** INFORMATION SUPPLIED follows **

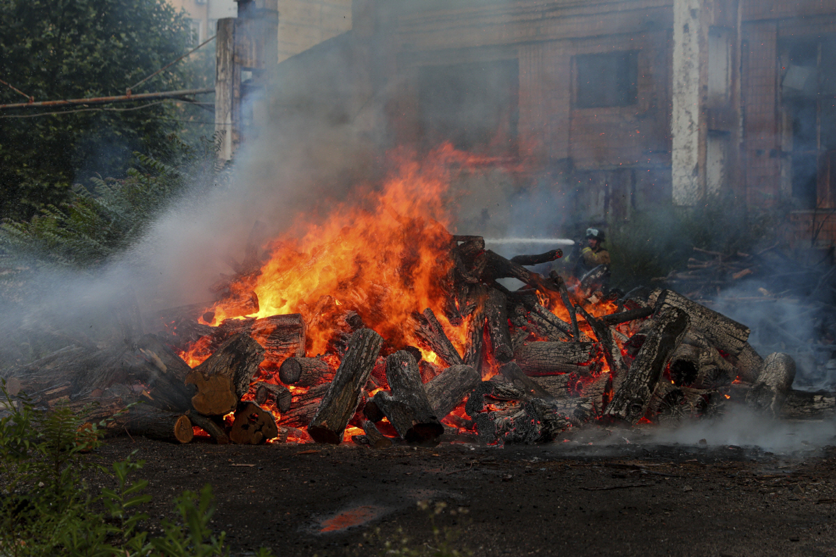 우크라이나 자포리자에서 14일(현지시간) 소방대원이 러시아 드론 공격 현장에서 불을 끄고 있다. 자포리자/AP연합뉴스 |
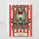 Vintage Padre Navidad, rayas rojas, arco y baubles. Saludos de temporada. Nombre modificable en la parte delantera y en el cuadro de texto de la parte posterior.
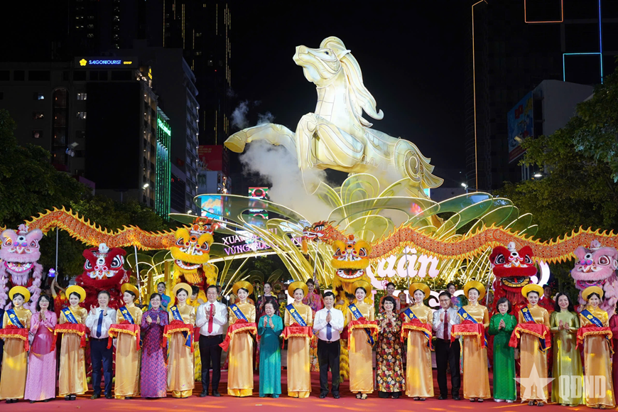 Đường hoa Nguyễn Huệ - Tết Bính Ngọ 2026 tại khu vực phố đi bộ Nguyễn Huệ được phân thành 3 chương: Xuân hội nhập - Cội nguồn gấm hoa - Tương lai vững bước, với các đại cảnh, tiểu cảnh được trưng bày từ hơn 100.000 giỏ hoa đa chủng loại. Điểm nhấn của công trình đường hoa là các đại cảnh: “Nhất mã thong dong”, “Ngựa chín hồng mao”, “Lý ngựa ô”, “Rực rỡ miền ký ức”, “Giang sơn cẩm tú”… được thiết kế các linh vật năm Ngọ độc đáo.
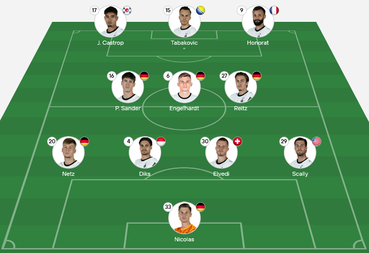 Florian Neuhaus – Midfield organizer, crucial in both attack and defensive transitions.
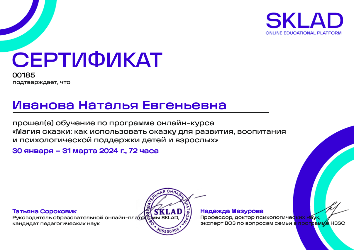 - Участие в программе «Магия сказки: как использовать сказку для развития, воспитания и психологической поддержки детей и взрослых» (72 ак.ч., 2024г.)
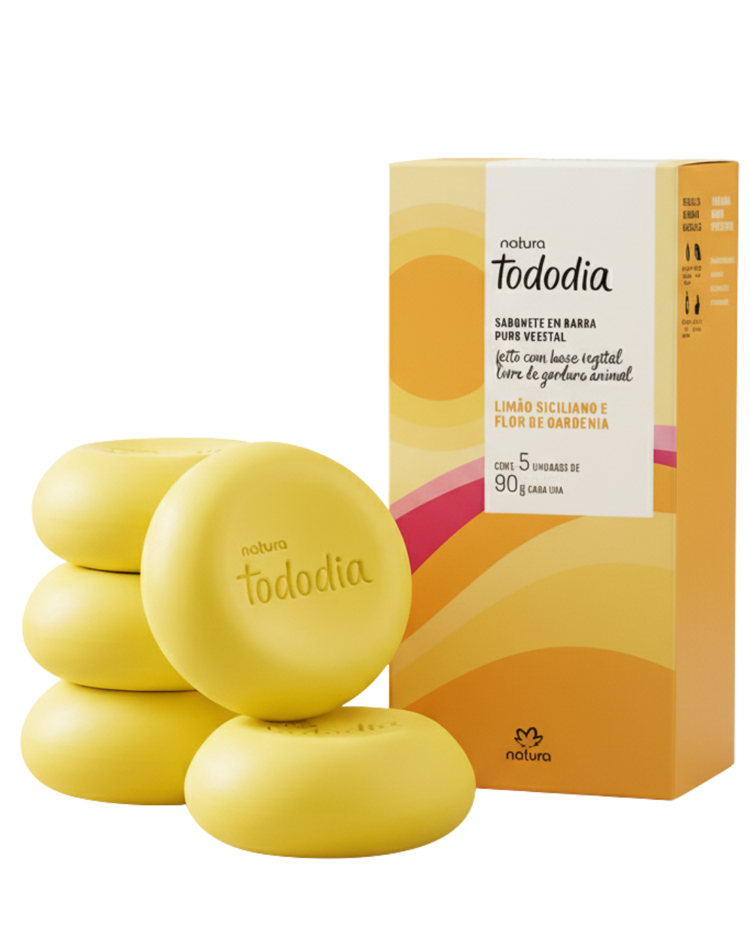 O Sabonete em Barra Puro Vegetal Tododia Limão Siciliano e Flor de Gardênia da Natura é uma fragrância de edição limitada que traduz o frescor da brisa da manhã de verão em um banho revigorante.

** End of INFORMATION SUPPLIED **
** INFORMATION SUPPLIED follows **

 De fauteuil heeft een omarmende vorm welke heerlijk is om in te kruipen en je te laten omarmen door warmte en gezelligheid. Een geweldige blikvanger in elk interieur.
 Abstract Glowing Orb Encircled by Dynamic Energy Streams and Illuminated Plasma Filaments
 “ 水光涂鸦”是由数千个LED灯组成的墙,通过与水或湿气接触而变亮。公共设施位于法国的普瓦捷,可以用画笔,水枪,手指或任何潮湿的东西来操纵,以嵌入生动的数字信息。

** End of INFORMATION SUPPLIED **

WORK TASK:
Print exactly the lines above that run from the one with "Vintage Padre Navidad, rayas" down to the one with "- Участие в", and omit the pictures.

RESULT FOR THIS TASK:
 Vintage Padre Navidad, rayas rojas, arco y baubles. Saludos de temporada. Nombre modificable en la parte delantera y en el cuadro de texto de la parte posterior.
 Đường hoa Nguyễn Huệ - Tết Bính Ngọ 2026 tại khu vực phố đi bộ Nguyễn Huệ được phân thành 3 chương: Xuân hội nhập - Cội nguồn gấm hoa - Tương lai vững bước, với các đại cảnh, tiểu cảnh được trưng bày từ hơn 100.000 giỏ hoa đa chủng loại. Điểm nhấn của công trình đường hoa là các đại cảnh: “Nhất mã thong dong”, “Ngựa chín hồng mao”, “Lý ngựa ô”, “Rực rỡ miền ký ức”, “Giang sơn cẩm tú”… được thiết kế các linh vật năm Ngọ độc đáo.
 Florian Neuhaus – Midfield organizer, crucial in both attack and defensive transitions.
 - Участие в программе «Магия сказки: как использовать сказку для развития, воспитания и психологической поддержки детей и взрослых» (72 ак.ч., 2024г.)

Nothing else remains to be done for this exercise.